Lo stadio Olimpico sarà il ring dove per fortuna Vitalij Klyčko non scenderà, e forse non assisterà all’incontro neanche della tribuna d’onore. La primavera ucraina non somiglia minimamente a quella napoletana, che è un’anteprima della torrida canicola estiva, il che si presta a una di quelle notti nelle quali il sudore deve venir fuori solo per l’impegno e non per il caldo.
Per cause di forza maggiore (artificiali e non naturali) lo scenario sarà la capitale e non la ridente Dnipropetrovs'k, porto fluviale sito in una zona troppo a rischio per le recenti contese tra una Russia che sembra tornata alla prepotenza sovietica e un’Ucraina che non si arrende. La vicinanza del fuoco della guerra aggiunge un’altra punta di mitologia allo scontro di domani sera, che anche per il Dnipro è da dentro o fuori in tutti i sensi, vista l’impossibilità quasi matematica di poter raggiungere la qualificazione Champions attraverso il campionato.

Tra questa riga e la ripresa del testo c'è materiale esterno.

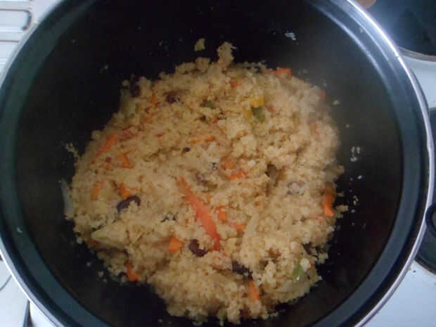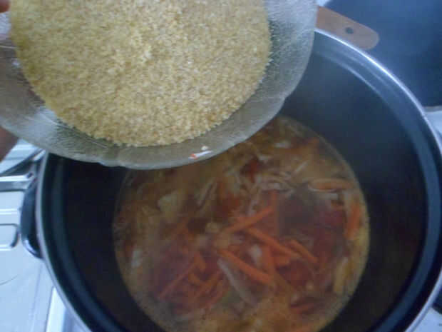 -Cuando el agua llega a hervir agregar el couscous y mezcla lentamente.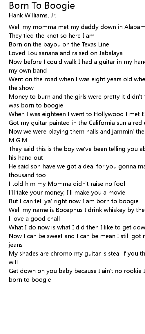 Money to burn and the girls were pretty it didn't take me long to learn that I was born to boogie |

Le notti europee sono così: attorniate da un’aura magica al confine tra la paura e la risolutezza, anche se non si tratta del trofeo più prestigioso. All’estremo est dell’Europa, dove il sorge cala prima, nel blu scuro di Kiev il Napoli ha il compito di accendere quella luce che attenui la tonalità del cielo per farlo diventare azzurro. E puntare poi a Nord - Ovest, passando la Galizia. Direzione Varsavia.